The $130-billion CalPERS, closely watched as a bellwether for pension-related trends because of its size and influence, will choose next week from among Acting Board President Robert Carlson, union official Sean Harrigan, and San Francisco Mayor Willie Brown, Jr., Dow Jones reported. The new board head replaces William Dale Crist who stepped down January 15 (see Seismic Shifts Ahead for CalPERS? ).

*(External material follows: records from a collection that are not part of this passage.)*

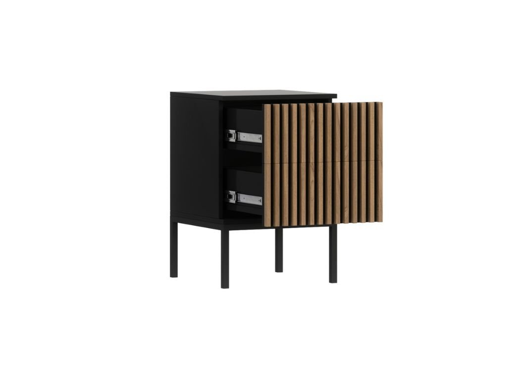 Tento stolík je nielen štýlovým doplnkom, ale aj praktickým riešením pre každodenné použitie. Či už slúži ako nočný stolík pri posteli, alebo ako príručný stolík v obývacej izbe, jeho dve priestranné zásuvky vám pomôžu udržať poriadok a mať všetko potrebné vždy po ruke. Vďaka kompaktnému dizajnu a dekoru dubu artisan ľahko zapadne do akéhokoľvek interiéru, kde prinesie pocit útulnosti a elegancie. Ideálna voľba pre každého, kto hľadá spojenie funkčnosti s nadčasovým štýlom.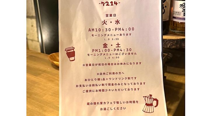 コーヒー(七ツ蔵ブレンド、デカフェ、ラテ)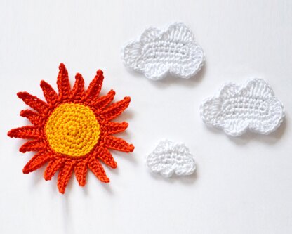 Crochet Sun. Clouds Applique. Sky Motif. Sew on Embellishment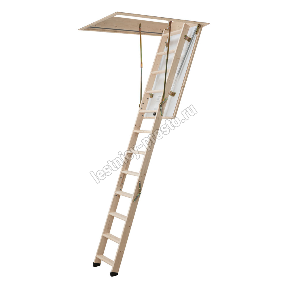 PROF 36 - трехсекционная утепленная лестница из скандинавской медленнорастущей ели, отличающейся повышенной прочностью, ступени из сосны, имеют антискользящие насечки. Лестница оснащена поворотным замком, надежно фиксирующим люк в закрытом состоянии. Высоту базовой модели можно увеличить при помощи дополнительной секции до 3500 мм. Размер короба: 1175х676 мм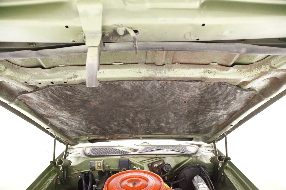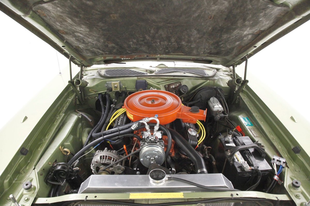 An unbelievably clean engine which touts 318ci displacement and Hemi Orange paint has all kinds of shine and little corrosion on any surface, as well as electronic ignition. This is a correct, but not original, remanufactured engine from ATK. The standard rebuilt 2-barrel carburetor sits atop with a flawless air cleaner in orange protecting the carb. This mill has been treated to a new water pump, a fresh tune up, a new alternator and voltage regulator, new high torque starter, new oil pump, new fuel pump and filter, and a new Champion 3 row aluminum radiator is on to keep things cool. Bolted on to the back is a rebuilt with new torque converter A904 TorqueFlite automatic transmission and a 8 1/4" rear axle with 2.71 gearing rounds out the package. Our consignor notes that all the fluids have been replaced to ensure reliable service.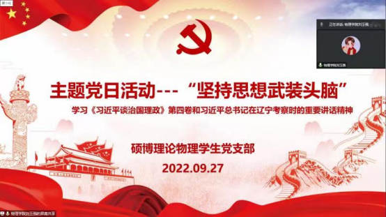 为了深入学习习近平总书记重要讲话重要指示精神,喜迎党的二十大胜利召开,进一步提高党员的党性修养,激励党员与群众满怀信心奋进新征程。2022年9月27日晚七点,硕博理论物理学生党支部以腾讯会议的形式开展“坚持思想武装头脑”主题党日活动。本次学习成员包括党员、发展对象、积极分子和部分群众,由支部书记刘玉强同志主持,主讲人为王诗瑶和闫宇两位同志。
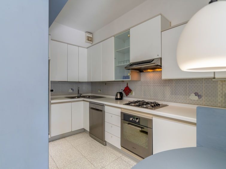 "Al mare da Ce", apartamento de 4 estancias 100 m2 en el 2° piso. Luminoso, con mobiliario funcional y agradable: salón-comedor. Salida al balcón. 1 dorm. doble. 1 dorm. con 2 camas (90 cm, 200 cm de longitud). Salida al balcón. 1 dorm. con 1 x 2 literas (90 cm, 200 cm de longitud). Cocina abierta (horno, lavavajillas, 4 fuegos, tostadora, hervidor de agua eléctrico). Salida al balcón. Ducha/bidet/WC. Calefacción de gas. Calefacción disponible desde el 15.10. al 30.04. Balcón 30 m2. Muebles de balcón. Vista a la localidad. El alojamiento dispone de: lavadora, cuna hasta 2 años. Internet (Wifi, gratis). 1 mascota / perro. CITRA:08059-LT-0404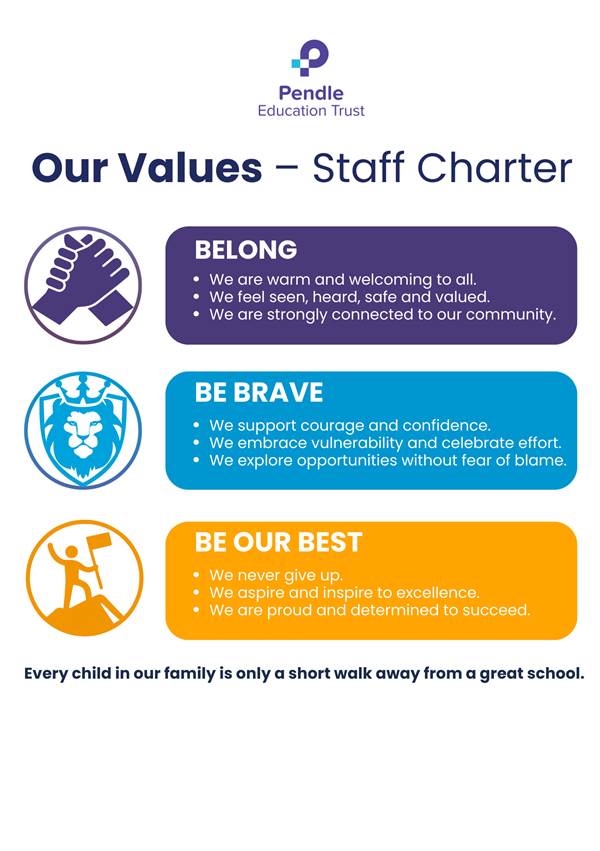 In practice this means that we care passionately about all the children in our schools and believe in the difference our work can make to their lives. We have a fantastic staff of over 350 people across our academies - all dedicated to this single purpose.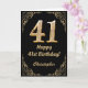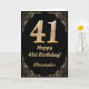 41:a födelsedagen Svarta och Guld Glitter Ram Kort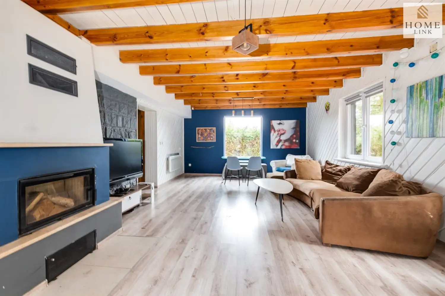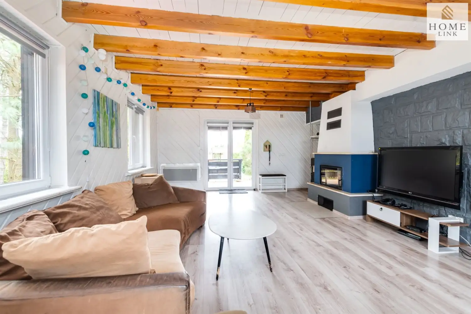 - duży salon z kominkiem - idealne miejsce na wspólne wieczory przy ogniu, rodzinne spotkania i relaks po dniu pełnym przygód, z salonu wyjście na zadaszony taras, który może być idealnym miejscem na przyjemne spędzanie czasu z rodziną i przyjaciółmi,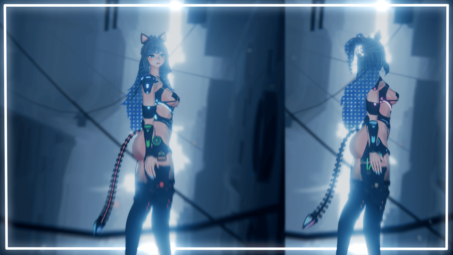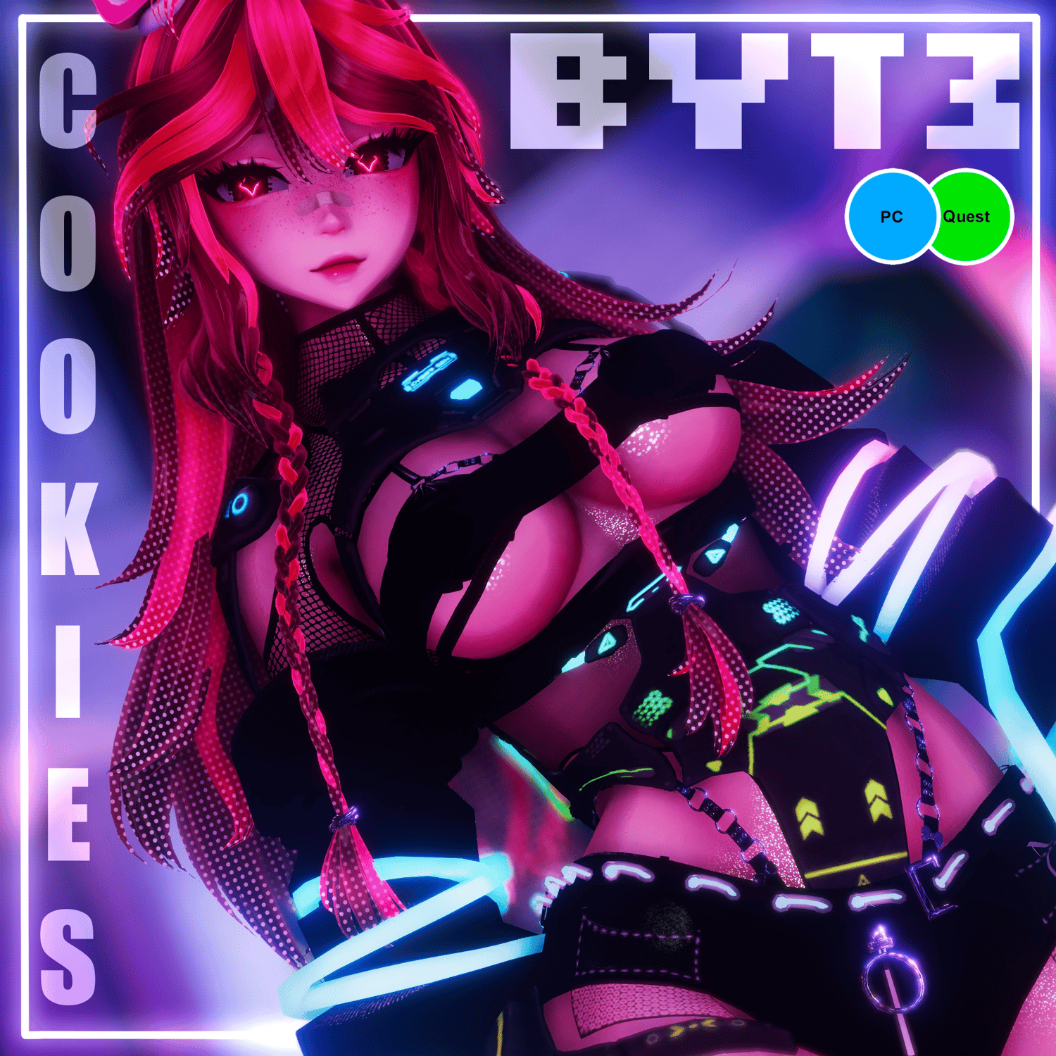 Byte has over 70+ toggles. she had multiple hair lengths, bang swap and options. All her clothing and accessories includes material swap with a hue shift for the pink color and accents. Her RGB emissions on her clothing also are a toggle, including a solid color option with a hue shift. Her Quest version Keeps most of the toggles with the exception of the fishnets, tail and Hue shifts.

The current candidates to take over the top spot of the nation’s largest public pension fund include:

  • Carlson, a retired chief counsel for the California Department of Transportation, has the longest history working at CalPERS. An elected board member since 1971, he served as board president from 1976 to 1985. He had been vice president since 2000.
  • Harrigan was appointed to the board in 1999 by the California State Personnel Board on which he serves.   He has more than 30 years experience in the food industry, including working for Safeway Supermarkets in various capacities. In 1993, he became assistant to the director of organizing at the Food and Commercial Workers International Union in Washington, DC.
  • Brown, a well-known politician, was appointed last month by Gov. Gray Davis to serve a second term on the CalPERS board. 

CalPERS Internal Woes

The giant fund has suffered from a series of high-profile turnovers including a chief executive officer, a deputy executive officer, and a general counsel (see  Seismic Shifts Ahead for CalPERS? ). CalPERS “is not just an organization in transition,” the pension fund’s new CEO, Fred Buenrostro, Jr., told a group of business people at a meeting in New York in October. “Almost everybody’s gone.”

Some of the top positions, including general counsel, have already been filled, and this week Buenrostro said he is “very close to announcing replacements for the staff who left”, according to the report.

Only seven votes – a board majority – are necessary to choose a president. CalPERS’ board consists of 13 members; six are elected, three appointed, and four serve as a function of their positions in state government. The board elects a new president each year.